• [TASK BRIEF]: From the records that follow, return exactly the lines beginning at the one that contains "오늘은 SK바이오사이언스 청약 1일차에 대해 공부했습니다." and ending at the one that contains "Bastão de Matatabi", pictures left out.

• [SOURCE DATA]:
▼
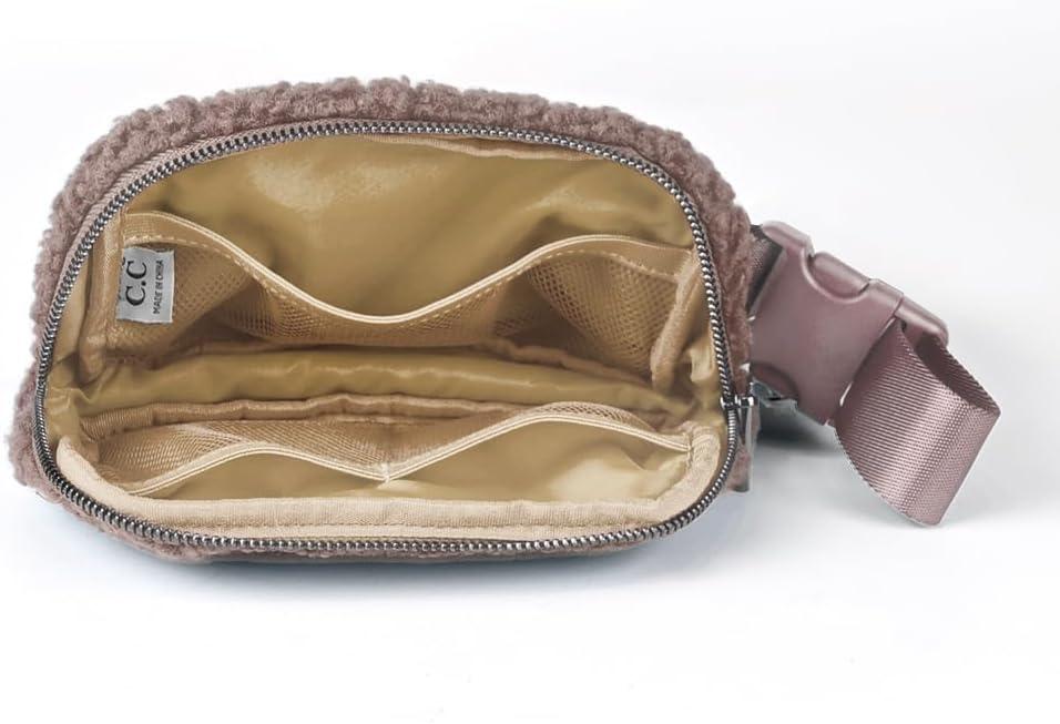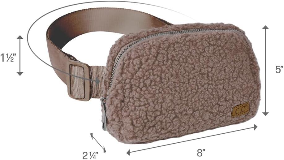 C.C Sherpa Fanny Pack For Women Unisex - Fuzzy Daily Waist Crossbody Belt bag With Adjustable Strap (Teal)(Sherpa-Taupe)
▲
▼
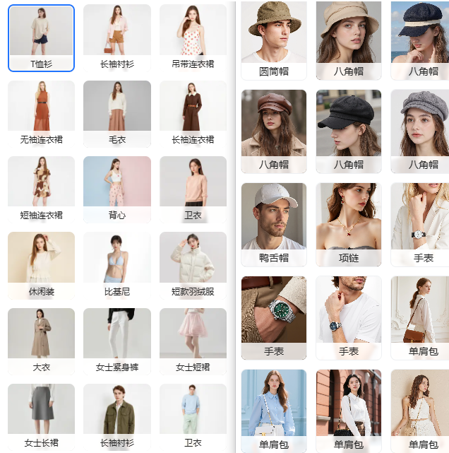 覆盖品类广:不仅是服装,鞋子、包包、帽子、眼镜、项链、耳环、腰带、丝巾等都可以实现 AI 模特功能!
▲
▼
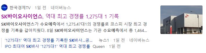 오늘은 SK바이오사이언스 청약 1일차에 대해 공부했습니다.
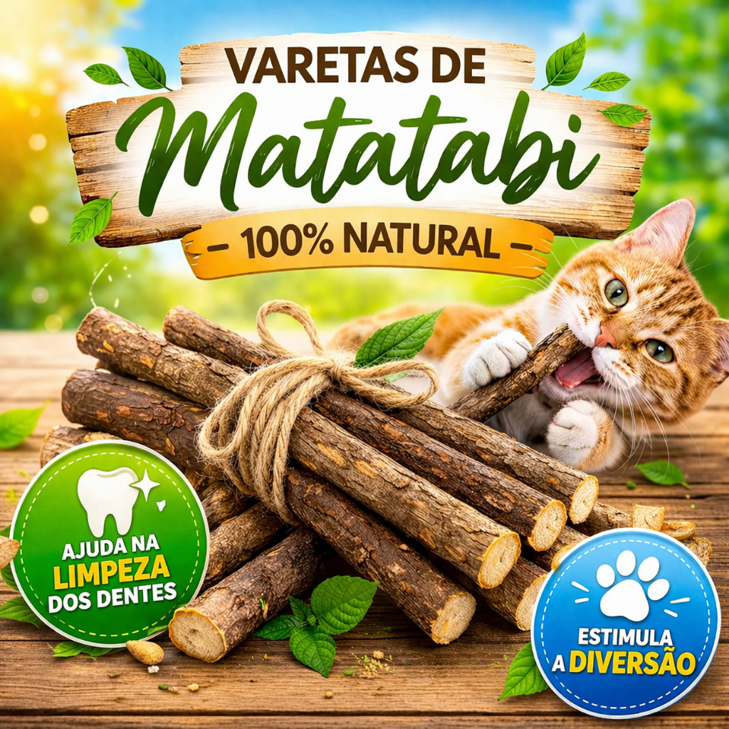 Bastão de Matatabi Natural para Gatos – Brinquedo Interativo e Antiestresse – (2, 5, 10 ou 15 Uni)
▲
• [SOLUTION TO THE EXERCISE]:
 오늘은 SK바이오사이언스 청약 1일차에 대해 공부했습니다.
 Bastão de Matatabi Natural para Gatos – Brinquedo Interativo e Antiestresse – (2, 5, 10 ou 15 Uni)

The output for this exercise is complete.